Equidate Divulges Startups’ Financial Details

The mystery of the private company — more specifically, valuations tied to private companies — is perhaps set to become a bit less shrouded in secrecy.

The New York Times reported on Monday (July 25) that Equidate, which is billed as an online marketplace geared for trading shares of private companies, is on track to release free information on private companies, looking across and parsing data from filings that would also disclose the prices that are paid, and have been paid, for private companies. Equidate will also offer up online tools that would let holders examine their own holdings and ascribe value to those holdings.

NYT noted that, in an interview with Sohail Prasad, a cofounder of the firm, the mindset has been one where “we’re giving away this data to help create a more robust market and to give stakeholders, like employees, investors and other shareholders, a better way to understand the value of their stock.” The firm traces its roots to 2013, and through its exchange, deals have some rules governing disclosure and shareholder protection, said NYT.
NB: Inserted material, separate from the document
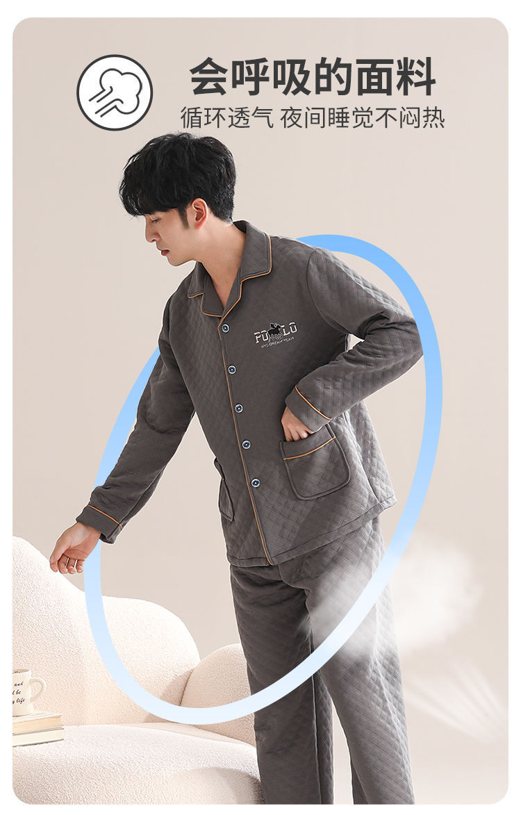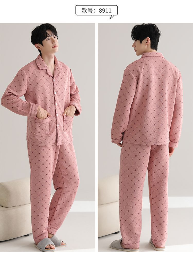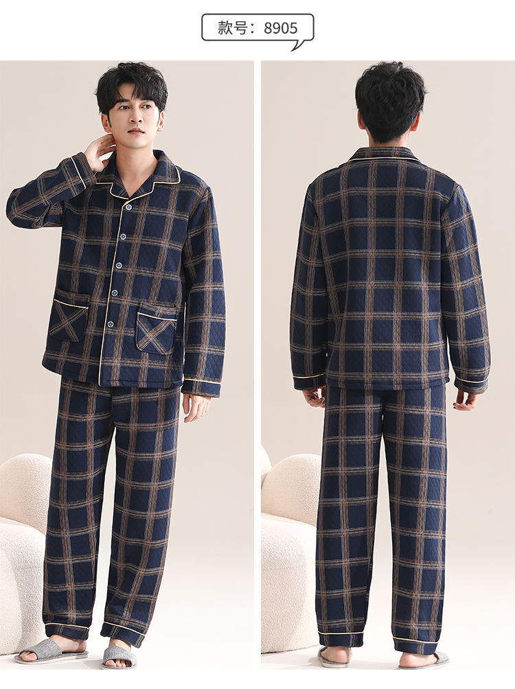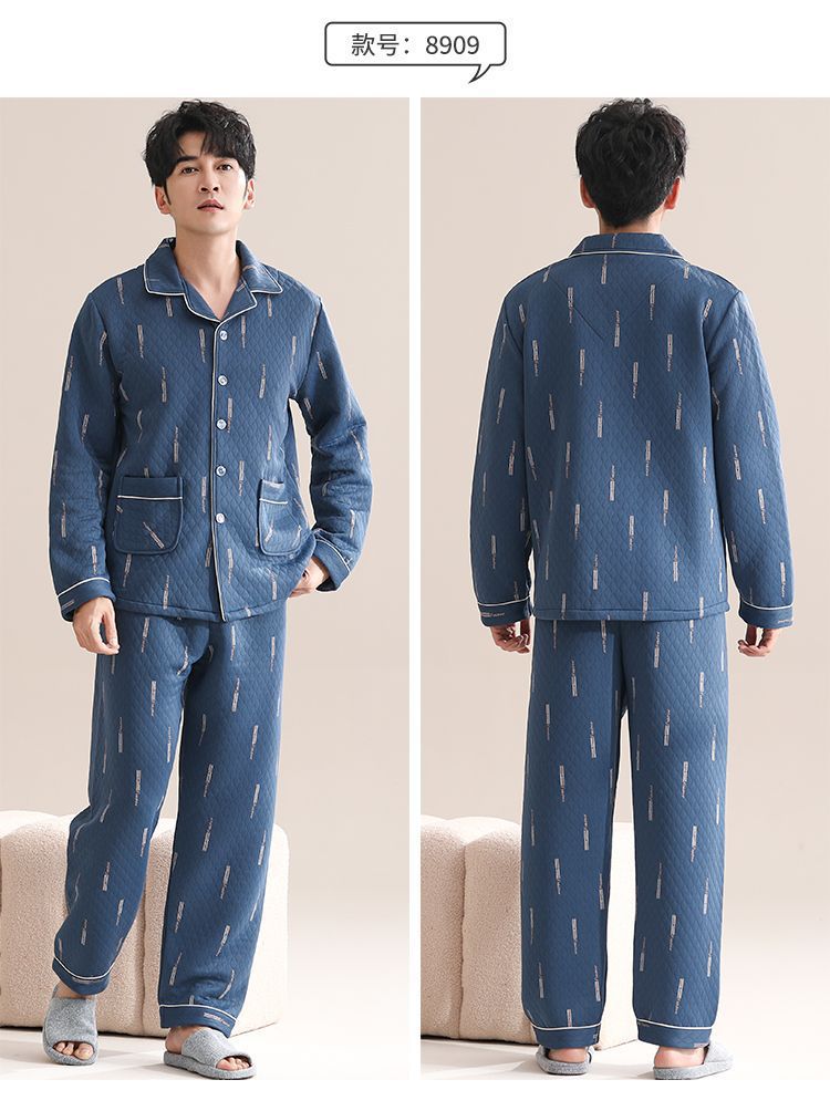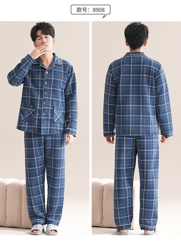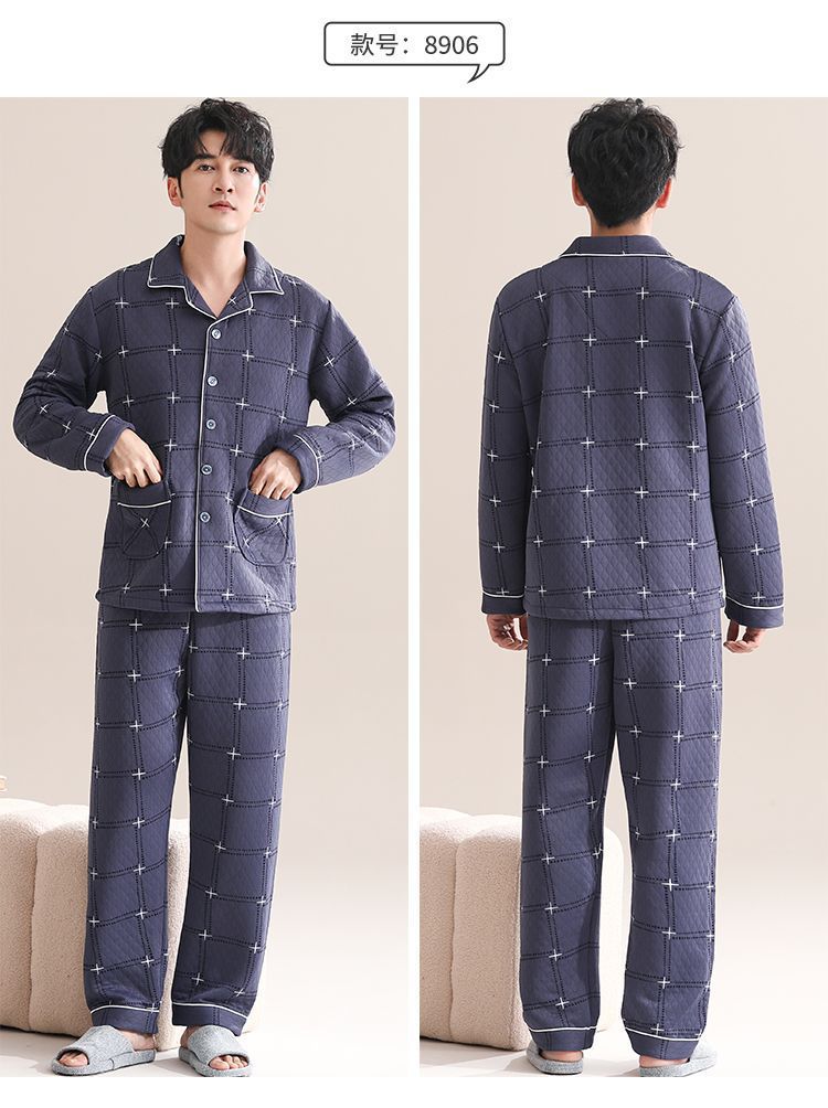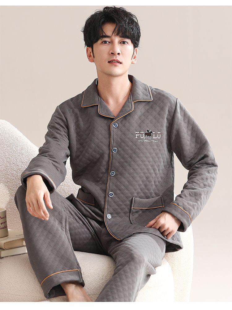 Pijamas de algodón para hombres de manga larga primavera y otoño delgada intercalación casual ropa de hogar suelta primavera y otoño

As has been wisely noted on Wall Street, in Silicon Valley and beyond, shares are hard to come by in private investments, and robust data for valuation purposes is anything but robust. The site itself currently has active listings for roughly $750 million in private shares. The wrinkle here is that the marketplace lets investors comp the current price at which shares change hands against the backdrop of what others may have paid for it through institutional or early backing financing. Secondary markets are also getting regulatory scrutiny, with lack of efficient trading and even instances of fraud.